The word “tax” is heavily used by all the Republican candidates, and the context is almost identical in all cases. Carlo is the most prolific user of the word. Many of the words used with “tax”, for example “tax something”, “tax someone”, “tax everyone”, “tax money” , etc. paint a definite more aggressive image than do the words associated with “tax” by Carly Fiorina, who focuses mostly on policy terms.

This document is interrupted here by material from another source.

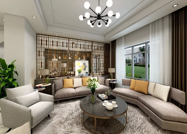 對(duì)于大戶型來說,更少的考慮面積,更多的考慮設(shè)計(jì)感,那么這兩面焦點(diǎn)墻的設(shè)計(jì),就相當(dāng)于室內(nèi)設(shè)計(jì)風(fēng)格的濃縮。新古典和新中式風(fēng)格的背景墻運(yùn)用到客廳,可保持風(fēng)格統(tǒng)一,時(shí)尚大氣有檔次。

Donald Trump’s choice of words paring with “tax” are similarly focused mostly on policy terms.

“WALL” IN CONTEXT

The word “wall” is used frequently by both Bernie Sanders and Donald Trump. We can clarify the context by looking at bigrams. In this case it’s clear Bernie Sanders is referring exclusively to “wall street” while Donald Trump mostly refers to his proposal to build border walls.

“THEYRE” IN CONTEXT

Donald Trump uses the word “theyre” signficantly more than other candidates. The context, as revealed by bigrams, sounds like the script of a zombie movie. “theyre going”, “theyre south”, “theyre feeding”, and “theyre coming”. The language hints toward a sentiment that, whoever “they” are, they’re a threat.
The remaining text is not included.